Dominican Chant and Dominican Identity

Dominican House of Studies, 487 Michigan Ave NE, Washington, DC 20017, USA
Received: 25 August 2014 / Revised: 12 September 2014 / Accepted: 16 September 2014 / Published: 29 September 2014
(This article belongs to the Special Issue Music and Spirituality)
Full-Text   |   PDF [117 KB, uploaded 29 September 2014]

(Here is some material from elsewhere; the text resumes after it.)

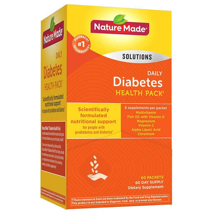- Nature made diabetes health pack 60 packets chăm sóc sức khỏe cho bệnh nhân tiểu đường cung cấp các dưỡng chất quan trọng có khả năng bị thiếu hụt khi mắc phải căn bệnh này.

The Order of Preachers possesses a venerable chant tradition that dates back to the thirteenth century. This essay describes Dominican chant, showing how it developed as a consequence of the attitudes to the liturgy expressed in the Ancient Constitutions of the Order of Preachers. These constitutions stressed that the liturgy was to be performed with careful attention to bodily posture, with a succinctness and brevity that would allow time for study and preaching, and with gradations of solemnity that would express the inner hierarchy of parts of the liturgy and of the liturgical year. After the initial development of the repertoire, Dominican chant has gone through periods of decline and revival, which are briefly traced in this article together with a consideration of the place of the chant in the contemporary practice of the Order. Throughout the last eight centuries, the chant of the Order of Preachers has played an important role in the inculcation and preservation of Dominican identity within the Order and in the lives of individual friars and sisters. View Full-Text
Keywords: Dominican chant; Gregorian chant; Humbert of Romans; Thomas Aquinas; progressive solemnity; liturgy Dominican chant; Gregorian chant; Humbert of Romans; Thomas Aquinas; progressive solemnity; liturgy
This is an open access article distributed under the Creative Commons Attribution License which permits unrestricted use, distribution, and reproduction in any medium, provided the original work is properly cited (CC BY 4.0).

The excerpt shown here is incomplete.